L'ONU et des habitants de la ville ont dit au New York Times que les responsables kurdes à Kirkouk « ont réagi en chassant des centaines de familles arabes qui y cherchaient refuge ».

« Des habitants arabes de Kirkouk interviewés mardi ont rapporté que des agents de sécurité kurdes armés avaient enlevé les familles pour les forcer à regagner les camps », écrit le Times. « Selon eux, plusieurs maisons ont également été détruites, dans ce qui semblait être une tentative méthodique de chasser autant d'Arabes que possible ».

A Kirkouk et à Mossoul, l'offensive soutenue par Washington menace de déclencher une guerre sectaire qui impliquerait les puissances régionales, dont la Turquie et l'Iran.
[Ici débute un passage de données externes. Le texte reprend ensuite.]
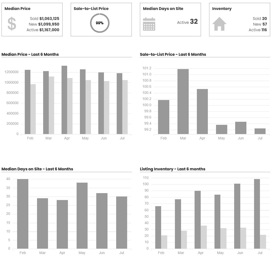 The West Hills real estate had mixed number in July showing both a rise and a fall. The median sold price in west hills increased to $1,063,125. Up $33,125 from June. The new listing prices rose as well to $1,099,950 which is a $39,950 gain. Active listings dropped to $1,167,000 which is $33,000 down from June. The sale-to-list price ratio went down slightly to 99.2% from 99.5%. Inventory increased with 116 active listings and 20 homes sold.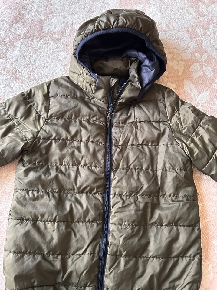 Kapüşonlu, fermuarlı ve dar kesim erkek çocuk montu. Düz haki renkte, suni kumaştan, sokak stili için uygundur.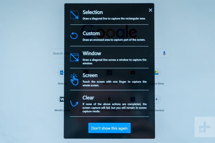 Algo nuevo en la MateBook X Pro en el 2019 es la manera de hacer capturas de pantalla. Activas un modo de captura arrastrando tres dedos de arriba hacia abajo sobre la pantalla, y luego puedes enmarcar el área que quieres seleccionar para la captura, o elegir una ventana independiente.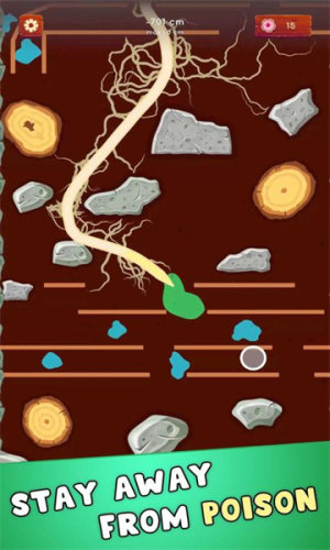1、画风卡通、玩法治愈的植物生长模拟游戏,化身植物的根部。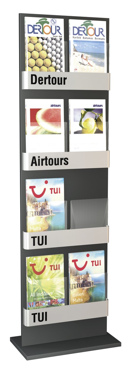 Repräsentative Prospektpräsentation mit 8 Fächern für die gängigen Prospektformate DIN A4, DIN A5 und DIN lang/DIN A6. Der Korpus ist aus Stahl gefertigt und puverbeschichtet (anthrazit). Die Prospektfächer sind silberfarbig. Die Prospekte werden durch Acrylscheiben gehalten. Der Schrifzug „Info“ ist inklusive.

Des informations émergent également de Mossoul, selon lesquelles l'EI organiserait des représailles brutales contre ceux qu'ils soupçonnent de contester son pouvoir.
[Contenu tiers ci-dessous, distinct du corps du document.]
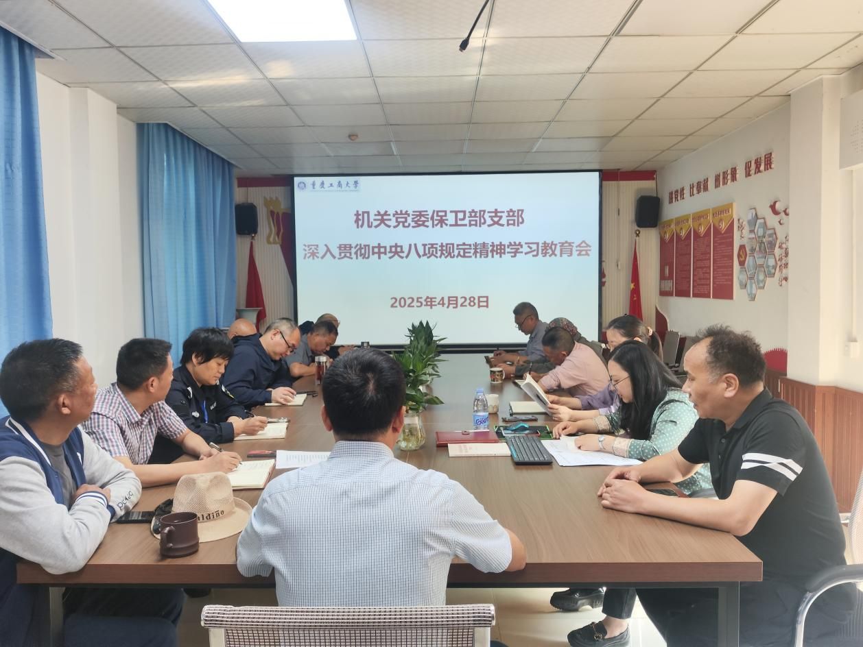 4月28日上午,机关2138cc太阳集团官网支部在支部党员活动室召开深入贯彻中央八项规定精神学习教育专题会。支部党员、保卫干部、安保大队队长副队长参加了会议,会议由支部书记沙云同志主持。

A Genève, le porte-parole de l'ONU sur les droits de l’homme Rupert Colville a dit que les forces irakiennes avaient découvert les corps de 70 civils, criblés de balles, à Tuloul Naser, près de Mossoul, le 20 octobre. 50 anciens policiers détenus à l'extérieur de la ville auraient également été massacrés.

Dans un incident signalé dans un autre village, Safina, 15 civils ont été assassinés et leurs corps jetés dans la rivière ; six hommes attachés à un véhicule avaient été traînés à travers le village, afin de terroriser la population.

Selon Colville, l’EI a également abattu trois femmes et trois filles et blessé quatre autres enfants, quand ils ont pris du retard au cours d'un déplacement forcé.

Vu le passé de l’EI, ces informations sont très crédibles, comme celles selon lesquelles l'EI utilise les civiles comme « boucliers humains ». Le fait qu'elles sont largement rapportées rend d'autant plus frappant le silence que font les médias sur les atrocités similaires commises par les « rebelles » soutenus par Washington en Syrie, les milices liées à Al Qaïda tout à fait semblables à l'EI.

Cela fait longtemps que les médias adoptent la pratique de deux poids, deux mesures. L'EI ne posait aucune problème à Washington avant qu'il n'envhaisse une grande partie de l'Irak, dévoilant au grand jour la dégenerescence de l'Etat bâti par les Etats-Unis dans ce pays.

Plusieurs reportages suggèrent que l'un des objectives de Washington dans l'offensive actuelle contre Mossoul serait de pousser les combattants de l’EI vers la Syrie pour qu'ils y continuent de combattre le régime du président syrien, Bachar al-Assad.

Sheikh Abdullah Alyawer, un chef tribal à Rabia, à la frontière syrienne, a dit à CNN que des centaines de combattants de l’EI traversaient la frontière avec leurs familles à un endroit contrôlé par l’EI à Ba'aaj, au sud de Sinjar.

Ceci confirmerait les accusations formulées par Damas et Moscou, selon lesquelles les Etats-Unis et leurs alliés laissent ouvert un couloir à l'ouest de Mossoul volontairement, afin de faciliter la fuite des combattants islamistes vers la Syrie. Ceci renforcerait les forces islamistes qui servent de truchement à l'OTAN dans leur guerre pour renverser Assad.

Lors d'une réunion des ministres de la défense de 13 pays à Paris, le président français François Hollande a souligné le transfert de combattants de l’EI de Mossoul assiégée à Raqqa en Syrie.

Le commandement militaire russe a déclaré mardi qu'il surveillait la frontière irako-syrienne et se tenait prêt à mener des frappes contre les forces de l’EI. Une telle intervention mettrait à mal tous les objectifs des États-Unis et augmenterait encore le danger d'une confrontation entre les deux principales puissances nucléaires.

Dans un éditorial mardi sur Mossoul, le Wall Street Journal a souligné l'un des principaux objectifs de Washington en envoyant des milliers de soldats américains appuyer l'offensive.

« Vaincre l'EI à Mossoul est un intérêt américain vital, mais la seule façon pour le prochain gouvernement d’empêcher une résurgence de l’EI ou la domination iranienne de la région est d'envoyer plusieurs milliers de soldats américains à long terme en Irak, à la fois en tant que force de réaction rapide régionale et pour exercer une pression politique sur l'Irak », affirme l'éditorial. En clair, la bataille pour Mossoul n'est qu'un préparatif pour des guerres beaucoup plus larges, au Moyen-Orient et au-delà.